Rappaport, E.N., 2014: Fatalities in the United States from Atlantic Tropical Cyclones: New Data and Interpretation. Bull. Amer. Meteor. Soc., 95, 341–346, https://doi.org/10.1175/BAMS-D-12-00074.1

Skill or Luck?: How NHC’s Hurricane Track Forecasts Beat the Models

Posted on Updated on

Skill or Luck?

There’s one thing that many of us are missing right now while we’re occupying ourselves at home:  sports.  We should have been all set for the playoffs in major league hockey and basketball, and we would be excited about the beginning of the major league baseball and soccer seasons.  We also would have been eagerly anticipating some of this spring and summer’s major sporting events, including the Olympics.  So let’s dream a little…

When we set out to write this blog post for Inside the Eye, we wanted to show how National Hurricane Center (NHC) forecasters use their skill and expertise to predict the future track of a hurricane.  And then it got us thinking, how does luck factor into the equation?  In other words, when meteorologists get a weather forecast right, how much of it is luck, and how much of it is forecasters’ skill in correctly interpreting, or even beating, the weather models available to them?

Investment strategist Michael Mauboussin created a “Skill-Luck Continuum” where individual sports, among other activities in life, are placed on a spectrum somewhere between pure skill and pure luck (Figure 1).   Based on factors such as the number of games in a season, number of players in action, and number of scoring opportunities in a game or match, athletes and their teams in some sports might have to rely on a little more luck than other sports to be successful.  On this spectrum, a sport like basketball would be closest to the skill side (there are a lot of scoring opportunities in a basketball game) whereas a sport like hockey would require a little more luck (there are fewer scoring opportunities in a hockey match, and sometimes you just need the puck to bounce your way).  Fortunately for hockey fans, there are enough games in a season for their favorite team’s “unlucky” games to not matter so much.

The Skill-Luck Continuum for Sports

Figure 1.  The Skill-Luck Continuum in Sports, developed by investment strategist Michael Mauboussin.

 

Where would hurricane forecasting lie on such a continuum?  There’s no doubt that luck plays at least some part in weather forecasting too, particularly in individual forecasts when random or unforeseen circumstances could either play in your favor (and make you look like the best forecaster around) or turn against you (and make you look like you don’t know what you’re doing!).  But luck is much less of a factor when you consider a lot of forecasts over longer periods of time, where the good and bad circumstances should cancel each other out and true skill shines through (just as in sports).  At NHC, we routinely compare our forecasts with weather models over these long periods of time to assess our skill at predicting, for example, the future tracks of hurricanes.

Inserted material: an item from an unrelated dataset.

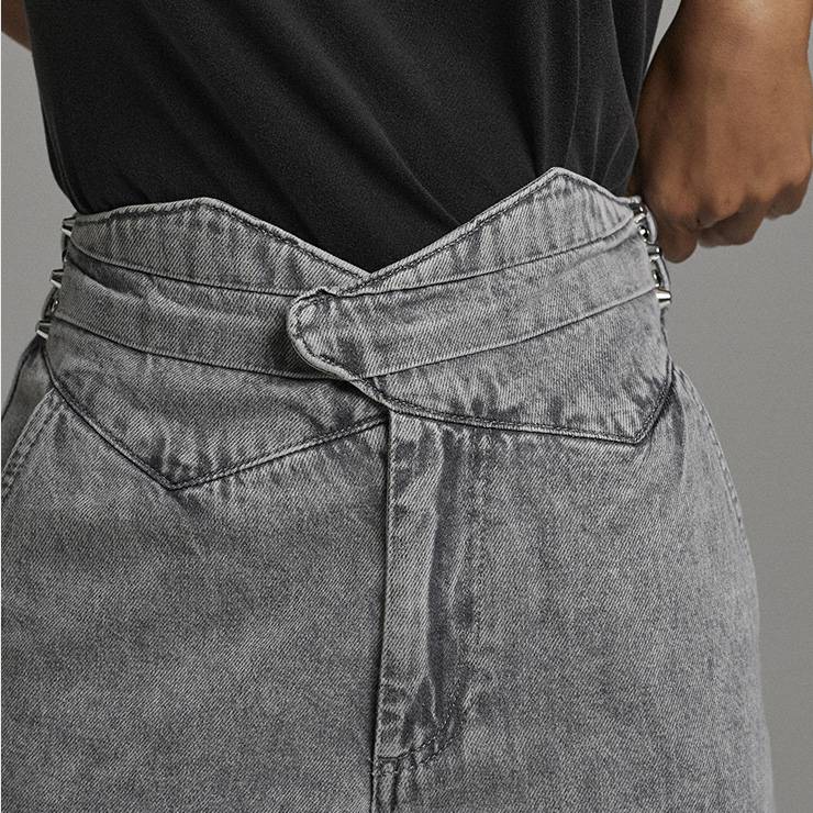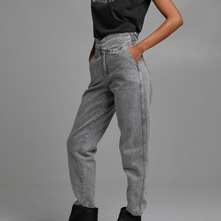 Pantalón largo estilo denim mom fit de algodón. Tiro alto. Cierre de botón y cremallera. Cintura elástica con detalle de tachuelas.
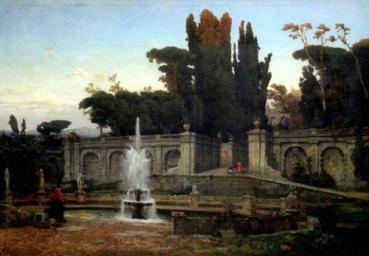 View Original: | Christian_Johannes_Wilberg_-_Monumentale_Brunnenanlage_im_Park_einer_italienischen_Villa,_deren_sonnenbeschienene_Bekrönung_durch_die_Bäume_sichtbar_ist.jpg (576x400) | |||

An International Friendly?

From our experience of talking to people about hurricanes and weather models, it seems to be almost common “knowledge” that only two models exist – the U.S. Global Forecast System (GFS) and the European Centre for Medium Range Weather Forecasts (ECMWF) model.  It’s true that those two models are used heavily at NHC and the National Weather Service in general, but there are many more weather models that can simulate a hurricane’s track and general weather across the globe.  (Here’s a comprehensive list showing all of the available weather models that are used at NHC today, if you’re interested:  https://www.nhc.noaa.gov/modelsummary.shtml.)  We’ve also heard and seen people compare the GFS and ECMWF models and talk about which model scenario might be more correct for a given storm.  This blog entry summarizes the performances of those models and discusses how, on the whole, NHC systematically outperforms them on predicting the track of a storm.

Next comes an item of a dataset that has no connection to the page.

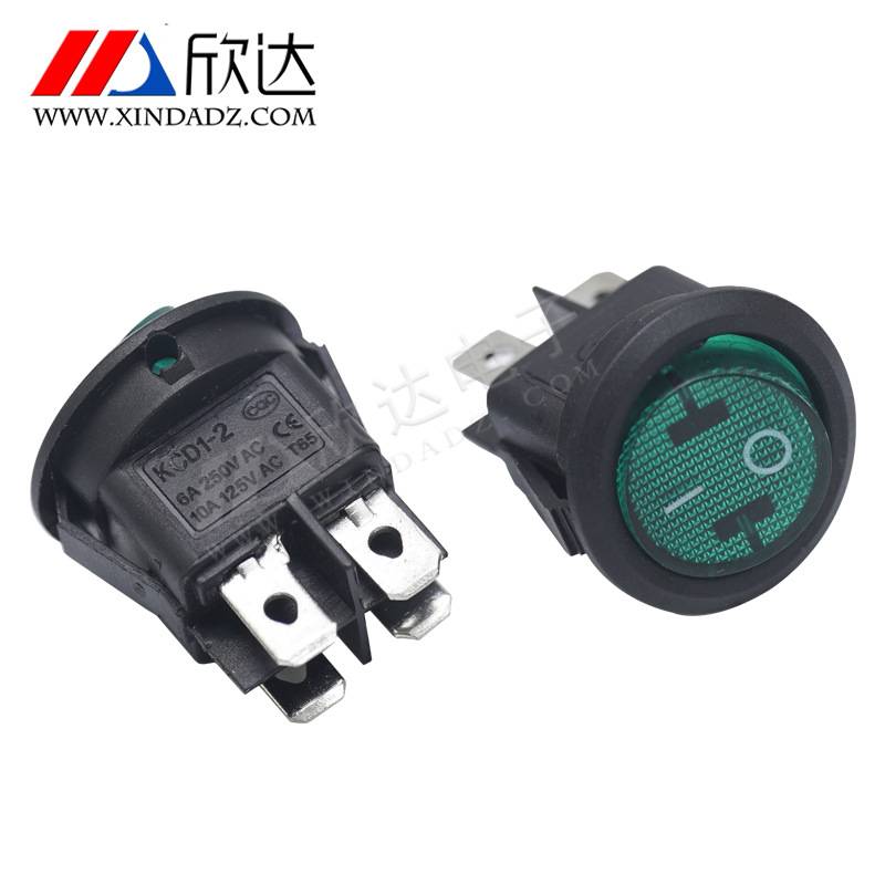 工厂直供 KCD1-224带灯24V绿色 4脚2档按键插脚开关 圆形船型开关
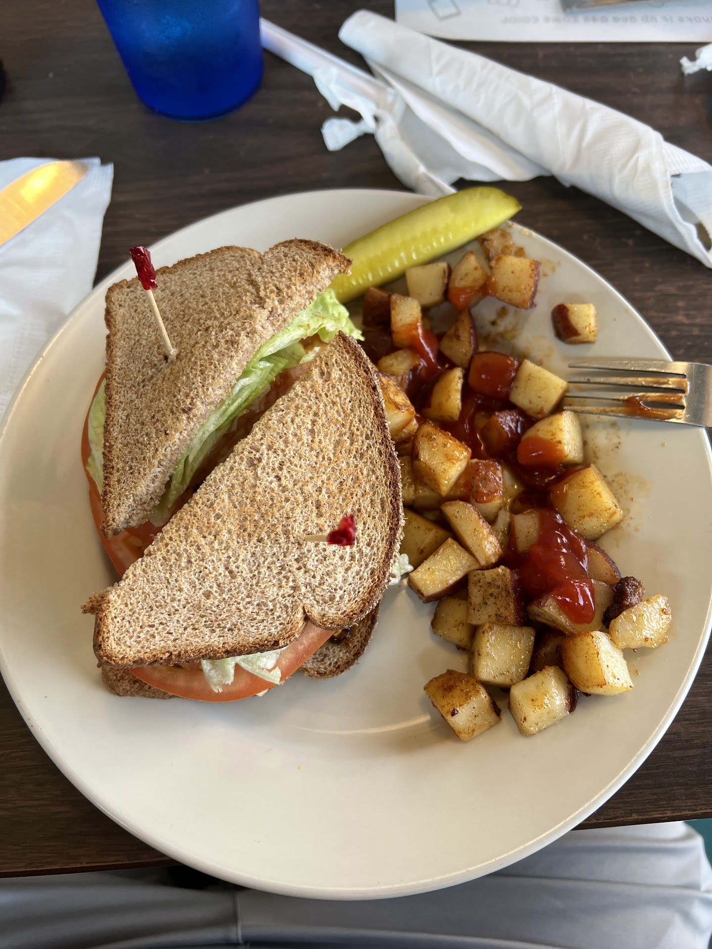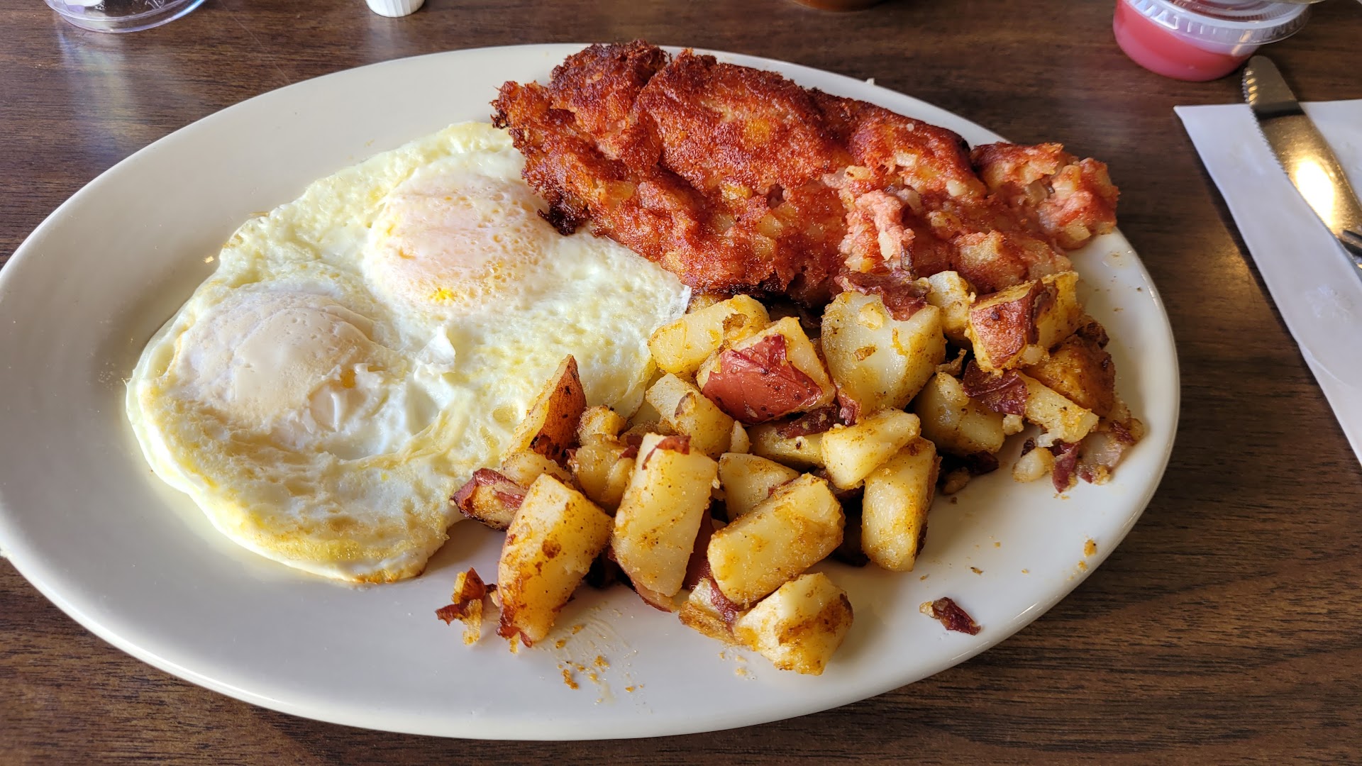 Read more1 star because couldn't put 0. Waitress took over 15 mins to come to take our order, practically ignored us the whole time we were there constantly walking right by us to chit chat with coworkers or go to other tables. Table next to us WALKED IN 10 kins after we ORDERED and got their food at the same time as us. Plate was hot food was Lukewarm so I know it say undera warmer or something. Corned beef hash was wicked salty and was mushy as heck like baby food. I don't understand why it took 40 minutes for the food all I ordered was a toast egg sausage breakfast sandwich. It was just ridiculous. Like yes it was busy but people were getting their food in all different orders than the order they came. I was actually afraid to ask for an ice water because of how long it might take for her...

Below are the most recent three years of data (2017, 2018, and 2019) of Atlantic basin track forecast skill from NHC and the three best individual track models:  the GFS, ECMWF, and the United Kingdom Meteorological Office model (UKMET) (Figure 2).  Track forecast skill is assessed by comparing NHC’s and each model’s performance to that of a baseline, which in this case is a climatology and persistence model.  This model makes forecasts based on a combination of what past storms with similar characteristics–like location, intensity, forward speed, and the time of year–have done (the climatology part) and a continuation of what the current storm has been doing (the persistence part).  This model contains no information about the current state of the atmosphere and represents a “no-skill” level of accuracy.

Figure 2.  NHC and selected model track forecast skill for the Atlantic basin in 2017, 2018, and 2019.

 

On the skill diagrams above, lines for models or forecasts that are above other lines are considered to be the most skillful.  It can be seen that in each year shown, NHC (black line) outperforms the models and has the greatest skill at most, if not all, forecast times (the black line is above the other colored lines most of the time).  Among the models, the ECMWF (red line) has been the best performer, with the GFS (blue line) and UKMET (green line) trading spots for second place.

Yet another metric to estimate how often NHC outperforms the models is called “frequency of superior performance.”  Based on this metric, over the last 3 years (2017-19), NHC outperformed the GFS 65% of the time, the UKMET 59% of the time, and the ECMWF 56% of the time.   This means that more often than not, NHC is beating these individual models.  So the question is, how do the NHC forecasters beat the models?

Keep Your Eyes on the Ball

Forecasters at NHC are quite skilled at assessing weather models and their associated strengthens and weaknesses.  It is that experience and a methodology of using averages of model solutions (consensus) that typically help NHC perform best.  If you ever read a NHC forecast discussion and see statements like “the track forecast is near the consensus aids,” or “the track forecast is near the middle of the guidance envelope,” the forecaster believed that the best solution was to be near the average of the models.   Although this strategy often works, NHC occasionally abandons this method when something does not seem right in the model solutions.  One recent example of this was Tropical Storm Isaac in 2018.  The figure below (Figure 3) shows the available model guidance, denoted by different colors, at 2 PM EDT (1800 UTC) on September 9 for Isaac, with the red-brown line representing the model consensus (TVCA).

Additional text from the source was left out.